Second there are regression adjustments. [Discuss]
Third, there are weighting adjustments. [Discuss]
[Discuss the problems of non-overlap]
[Discuss the imperfect nature of these adjustments, especially when the adjustment variable is imperfectly measured.]
[Re-iterate the problem with difficult to measure covariates.]
Summary - Who did the choosing?
1.1 Did the authors use randomization? Randomization insures balance among the two therapy groups with respect to both measurable and unmeasurable factors.
1.2 Did the authors use matching? [Discuss]
1.3 Did the authors use statistical adjustments? [Discuss]
Chapter 2: Was there a plan?
Introduction
The presence of a plan developed before data collection and analysis adds to the quality of a publication.
2.1 Did the research have a narrow focus?
2.2 Did the authors deviate from the plan?
Meat consumption and childhood cancer
Studies of the effects of diet on health often have difficulties with multiple endpoints. An example is a 1994 study of the effect of cured and broiled meat consumption on childhood cancer.
This study examined two types of cancer (acute lymphocytic leukemia and brain tumor). The authors examined five types of meat consumption (ham/bacon/sausage, hot dogs, hamburgers, lunch meats, and charcoal broiled foods). Finally, the authors looked at food consumption both of the child and of the mother during pregnancy.
In the analysis, the researchers used a cut-off to compare low meat consumption to high meat consumption. For example, they compare one or more hamburgers consumed per week to less than one per week. In the text, however, they went further and discussed results with a different cut-off, children who ate two or more hamburgers per week compared to children who ate one or less per week.
This study came under a lot of criticism for its scattershot approach to investigation, though it also had its share of defenders. There's a saying in statistics "if you torture your data long enough, it will confess to something." When a research study has a plan with limited number of precisely defined hypotheses, the results are more persuasive. When the research has no pre-planned hypotheses, then the results should be considered preliminary and exploratory in nature.
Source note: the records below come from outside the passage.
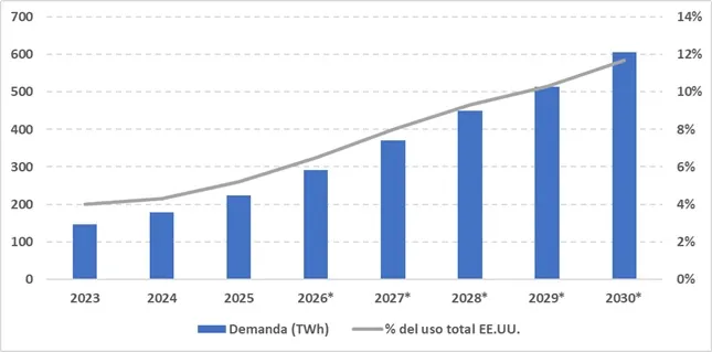 Gráfico 1 - Crecimiento de la demanda eléctrica de centros de datos en EE.UU. (2023–2030)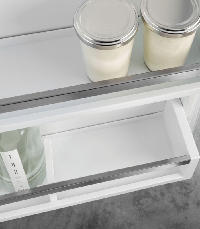 Kenmerkend voor de Liebherr binnenkuip zijn de aan beide zijden geïntegreerde steunen aan voor- en achterkant. Deze garanderen een grote flexibiliteit bij het verstellen van de glasplateaus. U kunt de glasplateaus om de 4 cm plaatsen. Een ander voordeel is het zeer gladde interieur dat schoonmaken vereenvoudigt.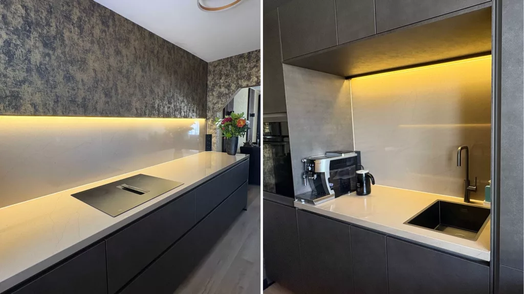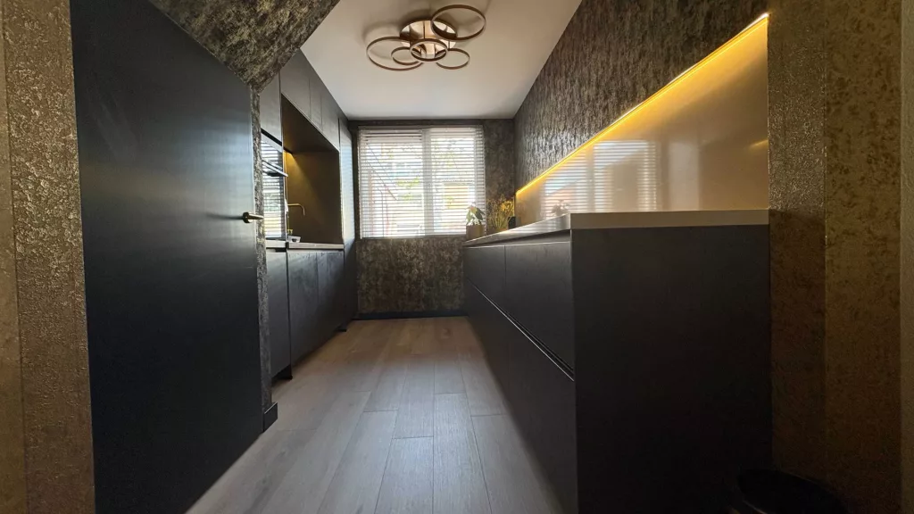 In hun prachtig gerenoveerde woning in Rijnsburg staat nu een sfeervolle, volledig greeploze parallel keuken van Nobilia in betonlook terragrijs. Deze is gecombineerd met een bijpassend composiet werkblad van Dekker Zevenhuizen in de kleur Igea Beige. De doorlopende achterwanden zijn uitgevoerd in hetzelfde materiaal als het werkblad en dankzij de subtiel geïntegreerde, dimbare LED-strips krijgt de keuken een warme, moderne uitstraling.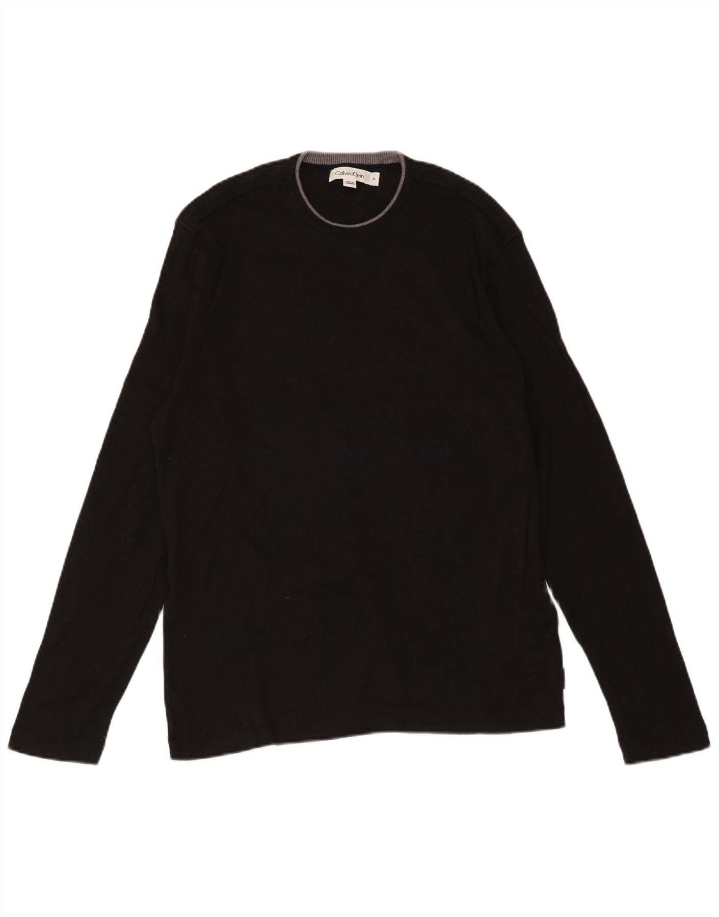 Calvin Klein Jersey de cuello redondo para hombre, suéter de algodón negro mediano

2.1 Did the research have a narrow focus?
A good research study has limited objectives that are specified in advance. Failure to limit the scope of a study leads to problems with multiple testing.
When there are a large number of comparisons being made, the study is considered a fishing expedition. There is a saying in Statistics circles "If you torture your data long enough, it will confess to something."
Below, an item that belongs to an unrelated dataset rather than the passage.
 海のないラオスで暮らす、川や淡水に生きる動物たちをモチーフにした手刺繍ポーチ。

When is multiple testing likely to occur?
Multiple testing often occurs when a researcher examines a large number of subgroups or a large number of endpoints (Howel 1994). Multiple testing problems also occur when a study examines multiple side effects.
When multiple tests are done simultaneously within a paper, there is an increase in the overall Type I error. If 100 tests were performed at alpha=.05, you would expect that 5 of those tests would be significant, even if there was nothing at all going on. There are statistical adjustments for multiple comparisons, but these are controversial. Significant results from a large number of unplanned comparisons are useful mostly just for setting future research priorities.
Optimal cut points and the problem with multiple comparisons.
Researchers will often simplify analysis of a continuous outcome measure by dividing that measure into two or more distinct groups on the basis of cut points. For example, a researcher might categorize his/her subjects as high or low blood pressure when they are above or below a certain value.
An abuse of this approach, called the minimum p-value approach, was noted by Altman (1994). Researchers would examine a variety of cut points and select the one that yielded the most favorable statistics.
For example, some researchers have chosen the cut point from among a large number of possible cut points so as the make the difference in survival times between those patients above the cut point and those patients below the cut point as large as possible.
By examining a multiple number of cut points the chance of drawing a false conclusion (Type I Error) is inflated from the traditional 5% value to a value as large as 40%.
There are several objective ways to select a cut point. Perhaps the best way is to select the cut point prior to looking at the data. This would involve the use of medical judgment.
After the data has been collected, there are some neutral ways of selecting a cut point. The simplest is a median split. If you wanted to create a median split for blood pressure, you would combine the blood pressure data from both groups, and select a value so that half of the blood pressures are larger and half are smaller.
Subgroup analysis
Subgroup comparisons are a special case of multiple testing. Rather than looking at multiple endpoints, a subgroup analysis compares a single endpoint across several different subgroups within the data.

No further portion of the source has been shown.